# Panther and Tiger stalking me!



## crazyhawk (Feb 16, 2019)

I was at an auction this a.m. and the auctioneer pulled these 2 bird dropping encrusted bikes out of the barn.  Of course, I had to buy 'em.  $75 for both.  I'll just wash 'em up, grease 'em good, put new rubber on 'em and ride!  Hopefully, they'll ride good and it'll be worth it.  Is that what you guys would do?


----------



## GTs58 (Feb 16, 2019)

crazyhawk said:


> I was at an auction this a.m. and the auctioneer pulled these 2 bird dropping encrusted bikes out of the barn.  Of course, I had to buy 'em.  $75 for both.  I'll just wash 'em up, grease 'em good, put new rubber on 'em and ride!  Hopefully, they'll ride good and it'll be worth it.  Is that what you guys would do?View attachment 950053
> View attachment 950056
> 
> 
> ...




Yep, that's what I'd do.
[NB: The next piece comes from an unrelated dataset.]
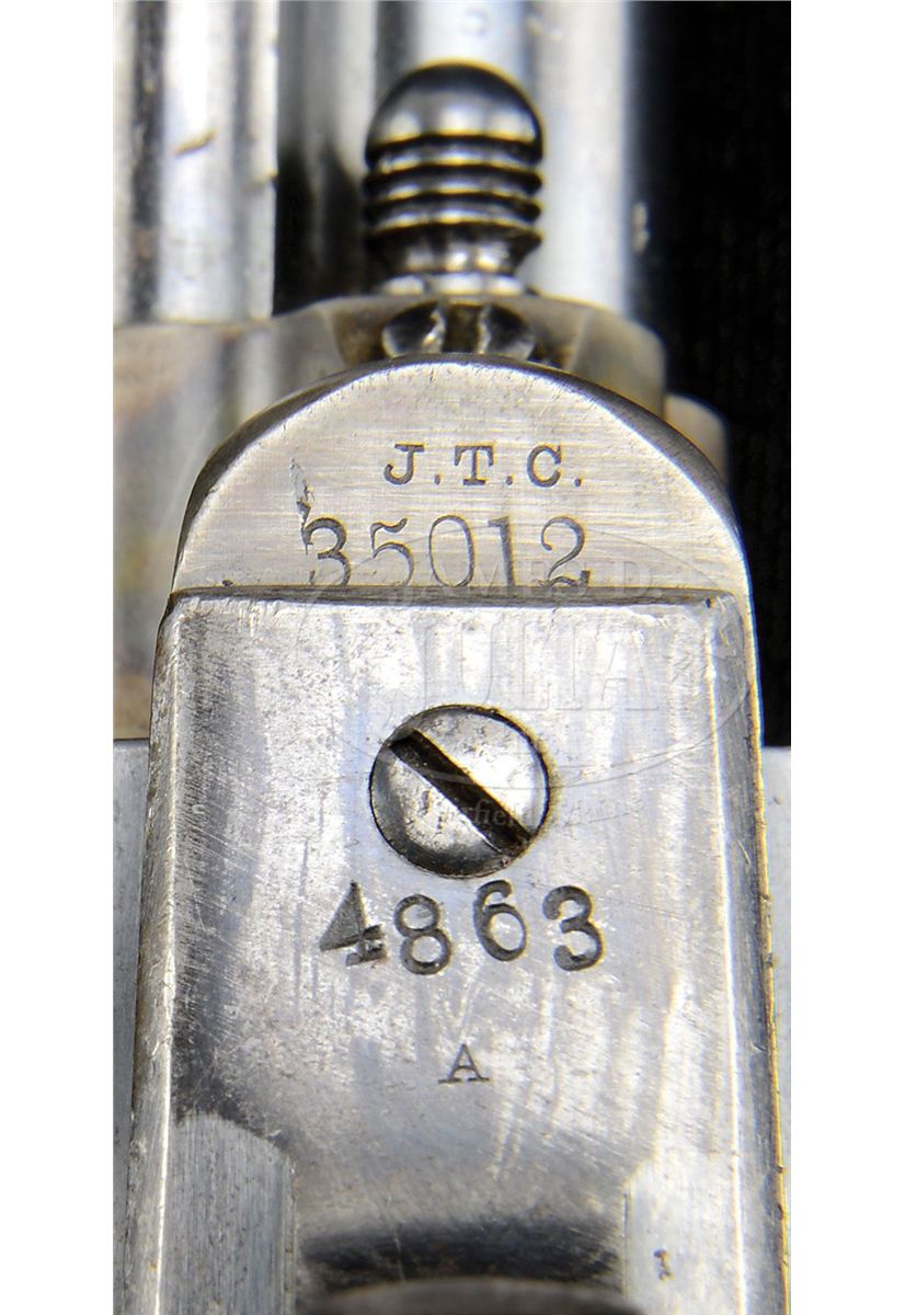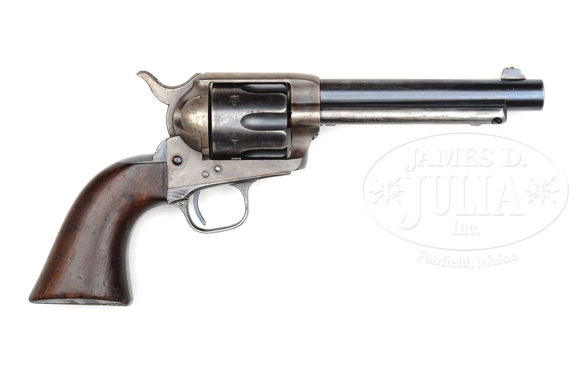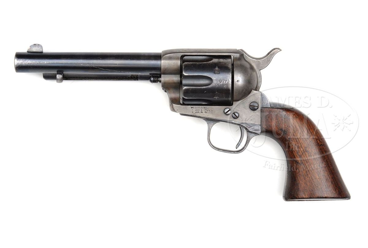 SN 35012. Cal. 45 Colt. Blue & color case hardened with 5-1/2" bbl, slightly thinned front sight and 1-line block letter address. Left side of frame has 3-line patent dates and a small "U.S.". Mounted with a 1-pc walnut grip that has last four digits "2360" or possibly "2368" in backstrap channel. Frame is marked with the "J.T.C." (John T. Cleveland) sub-inspector initials and is numbered "35012". Buttstrap is not inspected and has SN "54475". Cyl is Ainsworth inspected and has last four digits "0370" on the outer diameter. Bbl is numbered "4297" and is "DFC" (David F. Clark) inspected. The most interesting part is the trigger guard which is Ainsworth inspected and has the full SN "4863". This trigger guard was from Lot 5 which was for 1,000 Cavalry revolvers in the serial range 4500-5504, from which 755 revolvers were issued to the 7th Cavalry under Lt. Col. Custer in the second quarter of 1874. The other 250 or so revolvers were issued to the 1st Cavalry, another historic fighting Cavalry regiment. Odds are very that this trigger guard was on a revolver that fought at the Little Big Horn. CONDITION: Fine, mixed numbers as noted. Bbl retains about 85-88% glossy Colt blue with feathers on both sides of front sight and upper side of the ejector housing stud; frame retains strong case colors in the most sheltered areas with smoky case colors and silvery patina elsewhere; hammer retains smoky case colors turned silver on top & back edges; cyl retains strong blue in the flutes at about 60% thin orig blue on outer diameter; trigger guard & backstrap retain traces of blue, being mostly a silver/gray patina; ejector housing retains strong blue in the gullets, thin & turning silver on outer radius. Grip is sound showing moderate to heavy wear, having been cleaned & re-oiled and retains a hand worn patina. Mechanics are fine, bright shiny bore. 4-48787 JR344
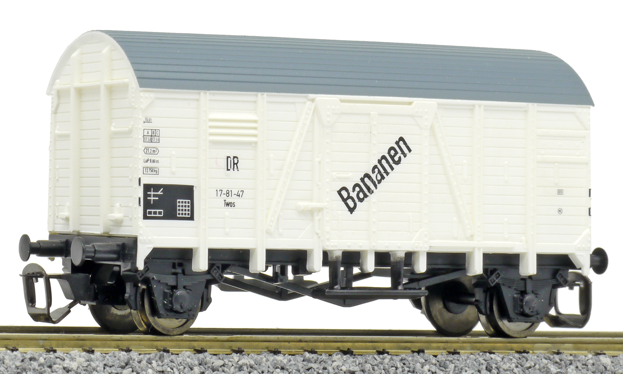| nákladní vůz bílý s tmavě s šedou střechou „Bananen“ |

Was $75 the starting bid?


----------



## Adamtinkerer (Feb 16, 2019)

I'd clean up the chrome, otherwise yep, killer deal!!


----------



## crazyhawk (Feb 16, 2019)

GTs58 said:


> Yep, that's what I'd do. Was $75 the starting bid?



The starting bids were $2.  I actually paid 40 for the Panther and 35 for the Tiger, but of course they threw in a nasty Ross 10 spd and this Roadmaster Skyrider because they got no bids.  If you've ever bought bikes at estate auctions, you've probably had to endure hours of waiting and waiting while they sell one spoon here and a box of Christmas ornaments there.  I don't like auctions at all, but there are just so many old farms here in Ohio and almost every barn has an old bike of some kind.


----------



## Ridge Rider (Feb 16, 2019)

It was worth your time .



The '67 Sky Blue Panther is a rare bike . Once you get it cleaned up,  I may have a matching slimline tank buried in my garage somewhere.  Just PM me .
Dave


----------



## crazyhawk (Feb 17, 2019)

Well, I did a quicky clean-up on the Tiger, about 4 hours of scrubbing, tearing down and adjusting.  I would be more thorough on a higher-end bike, but it's a rider and I like keeping it kind of funky.  It rides great.  The Panther has a stuck neck, so I'll tackle that later.


----------



## 57pack (Mar 14, 2019)

Wow! Your Tiger roars! 
Bought a Panther 2 a few years ago that cleaned up nice for a rider.
I was looking for a Jaguar but I love the Panther!


----------